# KNN Classifiers
Create a custom KNN classifier for the music dataset.

## Create Dataset

In [1]:
import numpy as np
import pandas as pd
import matplotlib.pyplot as plt
import scipy
from sklearn.neighbors import KNeighborsClassifier

%matplotlib inline

In [2]:
music = pd.DataFrame()

# Some data to play with.
music['duration'] = [184, 134, 243, 186, 122, 197, 294, 382, 102, 264, 
                     205, 110, 307, 110, 397, 153, 190, 192, 210, 403,
                     164, 198, 204, 253, 234, 190, 182, 401, 376, 102]
music['loudness'] = [18, 34, 43, 36, 22, 9, 29, 22, 10, 24, 
                     20, 10, 17, 51, 7, 13, 19, 12, 21, 22,
                     16, 18, 4, 23, 34, 19, 14, 11, 37, 42]

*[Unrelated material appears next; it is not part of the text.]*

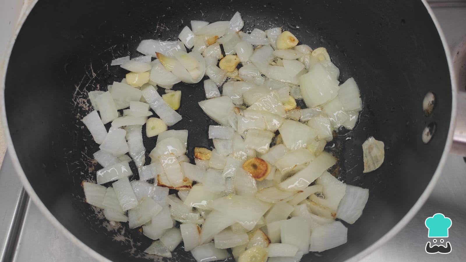 Calienta el aceite en una cacerola y sofríe la cebolla con el ajo durante unos segundos hasta ablandar.
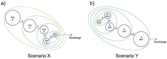 A schematic illustration of the conceptual model is presented in Figure 6. In this illustration, five retention cells (SCMs) with each having a connected mini catchment area = A are presented. The constant connected area, A, for each SCM is assumed to promote the comprehensibility of the conceptual model. Each of these SCMs has a certain retention capacity as different multiples of an assumed unit capacity (i.e., V [mm]). The retention capacity of each SCM is reflected in the size of the schematic circles in Figure 6. As evident in Figure 6, both illustrated models have identical total retention capacity (=25 × V), but the circumstances under which a discharge is initiated from the systems depend on the spatial distribution of the mini catchments with respect to their retention capacity. It is important to note that retention capacity, V, in this context is considered the sum of surface storage, retention, and losses in the form of infiltration and evapotranspiration.

# We know whether the songs in our training data are jazz or not.
music['jazz'] = [ 1, 0, 0, 0, 1, 1, 0, 1, 1, 0,
                  0, 1, 1, 0, 1, 1, 0, 1, 1, 1,
                  1, 1, 1, 1, 0, 0, 1, 1, 0, 0]

## Custom Function

In [3]:
def predict_music(df, duration, loadness, k):
    df['distance'] = np.sqrt((duration - df['duration'])**2 + (loadness - df['loudness'])**2)
    df.sort_values(by='distance', inplace=True)
    df_k = df.iloc[:k, :].copy()
    prob_dict = {
        'jazz': len(df_k[df_k['jazz'] == 1]) / len(df_k),
        'rock': len(df_k[df_k['jazz'] == 0]) / len(df_k)
    }
    
    print('The probabilities are:')
    for key, value in prob_dict.items():
        print(f'{key}: {value}')
    
    print(f'Prediction: {max(prob_dict, key=prob_dict.get)} music')

In [4]:
predict_music(music, 190, 24, 5)

The probabilities are:
jazz: 0.6
rock: 0.4
Prediction: jazz music


## Using Scikit-Learn

In [5]:
def predict_music_sklearn(df, duration, loadness, k):
    neighbors = KNeighborsClassifier(n_neighbors=5)
    X = music[['loudness', 'duration']]
    Y = music.jazz
    neighbors.fit(X,Y)

    ## Predict for a 24 loudness, 190 seconds long song.
    prediction = neighbors.predict([[24, 190]])[0]
    probabilities = neighbors.predict_proba([[24, 190]])[0]
    
    music_type=''
    if prediction == 1:
        music_type = 'jazz'
    else:
        music_type = 'rock'
        
    prob_dict = {
        'jazz': probabilities[1],
        'rock': probabilities[0]
    }
    
    print('The probabilities are:')
    for key, value in prob_dict.items():
        print(f'{key}: {value}')
        
    print(f'Prediction: {music_type} music')

In [6]:
predict_music_sklearn(music, 190, 24, 5)

The probabilities are:
jazz: 0.6
rock: 0.4
Prediction: jazz music


I get the same answer as my custom function!